[[ RECORDS PROVIDED, beginning ]]

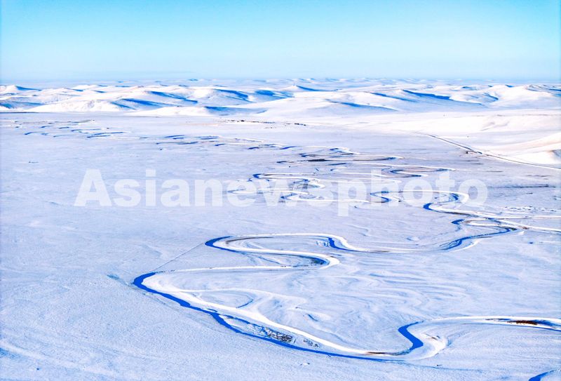 图片说明:2024年12月26日在呼伦贝尔市陈巴尔虎旗境内拍摄的莫尔格勒河景色(无人机照片)。
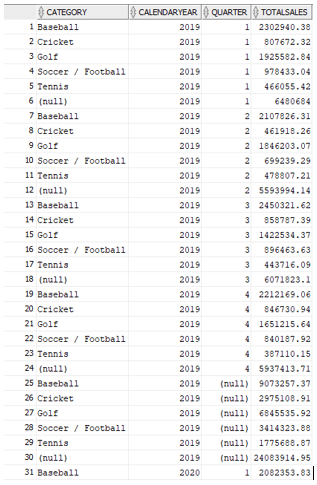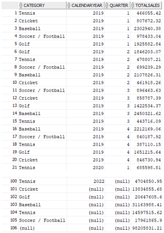 - Subtotals across every combination of dimensions, along with grand total.
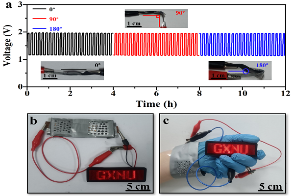 由于在聚合物电解质/锌负极界面对释放碱进行了有效的调控,组装的准固态锌空气电池展现了优异的性能以及可穿戴性(图4),电池的循环寿命达到了127小时。本文研究了聚合物电解质释放碱的界面调控机制,为提高准固态锌空气电池的性能提供了新的思路。该研究受到了国家自然科学基金和广西自然科学基金的资助。
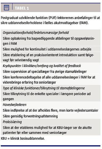 Af rapporterne fremgår det, at det er positivt, hvis man i skemalægningen tager hensyn til den enkelte læges kompetenceniveau, og hvis der er et tilstrækkeligt antal læger med vejlederkompetence samt et tilstrækkeligt antal speciallæger, der har tilknytning til FAM og kan supervisere uddannelseslægerne. Introduktionen af lægerne bør være praktisk orienteret. Endvidere er det positivt at få en uddannelsesplan, hvor arbejdsopgaver og feedback på kliniske opgaver planlægges. Derimod beskrives det som uhensigtsmæssigt, hvis der kun gives kort introduktion til vagtarbejdet.
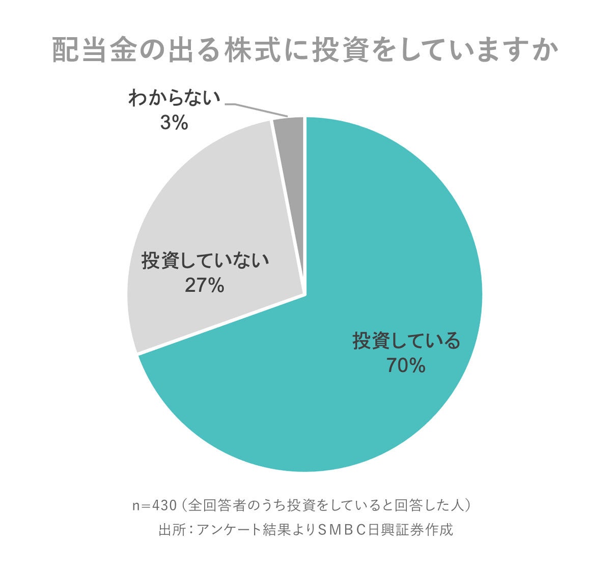 インターネットアンケート回答者(954名)のうち、投資や資産運用をしている430名に、「配当金の出る株式に投資をしていますか」と聞いたところ、7割の方が「配当株」に投資をしていると回答

[[ RECORDS PROVIDED, end ]]

> _WHAT YOU SHOULD DO_:
Pictures omitted, give the entries again exactly.

> _THE ANSWER_:
 图片说明:2024年12月26日在呼伦贝尔市陈巴尔虎旗境内拍摄的莫尔格勒河景色(无人机照片)。
 - Subtotals across every combination of dimensions, along with grand total.
 由于在聚合物电解质/锌负极界面对释放碱进行了有效的调控,组装的准固态锌空气电池展现了优异的性能以及可穿戴性(图4),电池的循环寿命达到了127小时。本文研究了聚合物电解质释放碱的界面调控机制,为提高准固态锌空气电池的性能提供了新的思路。该研究受到了国家自然科学基金和广西自然科学基金的资助。
 Af rapporterne fremgår det, at det er positivt, hvis man i skemalægningen tager hensyn til den enkelte læges kompetenceniveau, og hvis der er et tilstrækkeligt antal læger med vejlederkompetence samt et tilstrækkeligt antal speciallæger, der har tilknytning til FAM og kan supervisere uddannelseslægerne. Introduktionen af lægerne bør være praktisk orienteret. Endvidere er det positivt at få en uddannelsesplan, hvor arbejdsopgaver og feedback på kliniske opgaver planlægges. Derimod beskrives det som uhensigtsmæssigt, hvis der kun gives kort introduktion til vagtarbejdet.
 インターネットアンケート回答者(954名)のうち、投資や資産運用をしている430名に、「配当金の出る株式に投資をしていますか」と聞いたところ、7割の方が「配当株」に投資をしていると回答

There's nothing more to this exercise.